Where as the spladder_out directory exists in the working directory with outputs in parts. I wanted somehow to redirect the tool or tell the tool to look in the output directory and run for the remaining outputs.

mr-c commented 6 years ago

Try

cwlVersion: v1.0
class: CommandLineTool
doc: Spladder

baseCommand: [python2.7, /cluster/home/aalva/spladder/python/spladder.py]

hints:
  cwltool:InplaceUpdateRequirement:
    inplaceUpdate: true
requirements:
 - class: InlineJavascriptRequirement
 - class: InitialWorkDirRequirement
   listing: 
    - entry: $(inputs.spladder_dir)
      writable: true

inputs:
 spladder_gtf: 
  type: File
  inputBinding:
   position: 3
   prefix: -a
 spladder_bams: 
  type: File[]
  inputBinding:
   position: 1
   prefix: -b
  secondaryFiles: .bai
 spladder_dir:
  type: Directory
  inputBinding:
   position: 2
   prefix: -o
 spladder_phase2:
  type: string
  inputBinding:
   position: 6
   prefix: -T
 spladder_merge_graphs:
  type: string
  inputBinding:
    position: 5
    prefix: -M
 spladder_primary_alignment:
  type: string
  inputBinding:
    position: 10
    prefix: -P
 spladder_confidence:
  type: int
  inputBinding:
    position: 4
    prefix: -c
 spladder_alt:
  type: string
  inputBinding:
    position: 7
    prefix: -t
 spladder_validate:
  type: string
  inputBinding:
    position: 8
    prefix: -V
 spladder_RL:
  type: int
  inputBinding:
    position: 9
    prefix: -n

outputs:
 spladder_out:
  type: Directory
  outputBinding:
   glob: $(inputs.spladder_dir.basename)/spladder

$namespaces:
  cwltool: http://commonwl.org/cwltool#
ranijames commented 6 years ago

Hello @mr-c Thanks for the input now the spladder_dir: in yml should be also a directory right?

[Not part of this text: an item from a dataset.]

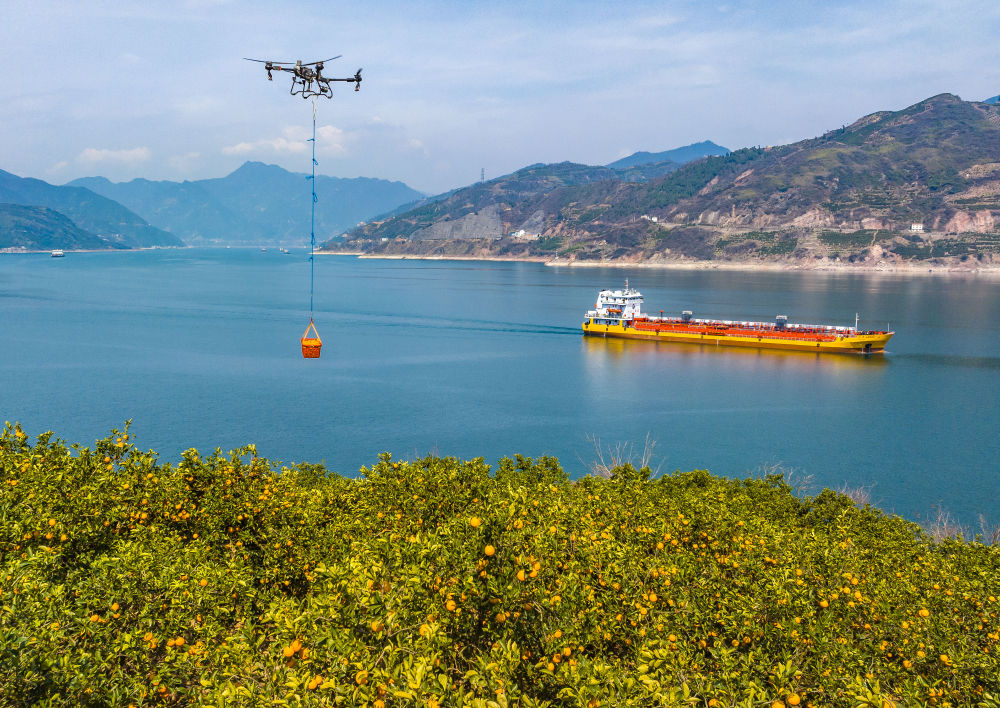 2025年3月17日,湖北省秭歸縣郭家壩鎮(zhèn)鄧家坡村村民用無(wú)人機(jī)轉(zhuǎn)運(yùn)臍橙(無(wú)人機(jī)照片)。新華社發(fā)(鄭家裕攝)

Currently it is passed as a string,

spladder_dir: 
 class: Directory
 path: /spaladder_out/spladder/

While runing the new script cwltool --enable-ext /spladder_part_test.cwl /part2.yml It is still starting from as a fresh run without looking into the spladder_dir: . Currently, the spladder_dir consists of following files, ls

genes_graph_conf2.C3N-02289_4_5_L1Aligned.sortedByCoord.out.pickle
genes_graph_conf2.MM909432_L1Aligned.sortedByCoord.out.pickle
genes_graph_conf2.T1185B_L1Aligned.sortedByCoord.out.pickle
genes_graph_conf2.RCC16_L1Aligned.sortedByCoord.out.pickle
genes_graph_conf2.RCC14_L1Aligned.sortedByCoord.out.pickle
genes_graph_conf2.T1015A_L1Aligned.sortedByCoord.out.pickle
genes_graph_conf2.MM909362_L1Aligned.sortedByCoord.out.pickle
genes_graph_conf2.Me290_L1Aligned.sortedByCoord.out.pickle
genes_graph_conf2.MM170111_L1Aligned.sortedByCoord.out.pickle
genes_graph_conf2.Me275_L1Aligned.sortedByCoord.out.pickle
genes_graph_conf2.C3N-02671_08_L1Aligned.sortedByCoord.out.pickle
genes_graph_conf2.C3N-02671_10_L1Aligned.sortedByCoord.out.pickle
genes_graph_conf2.EOC04_L1Aligned.sortedByCoord.out.pickle
genes_graph_conf2.JM-2_L1Aligned.sortedByCoord.out.pickle
genes_graph_conf2.GY150806_L1Aligned.sortedByCoord.out.pickle
genes_graph_conf2.C3N-02289_10_L1Aligned.sortedByCoord.out.pickle

I want thespladder.cwlto identify them as input and merge them

Now, with the above solution, it is starting from creating graphs (that is the *.picklegraphs) for each BAM file in the array and this an unneccessary step, as they already exists.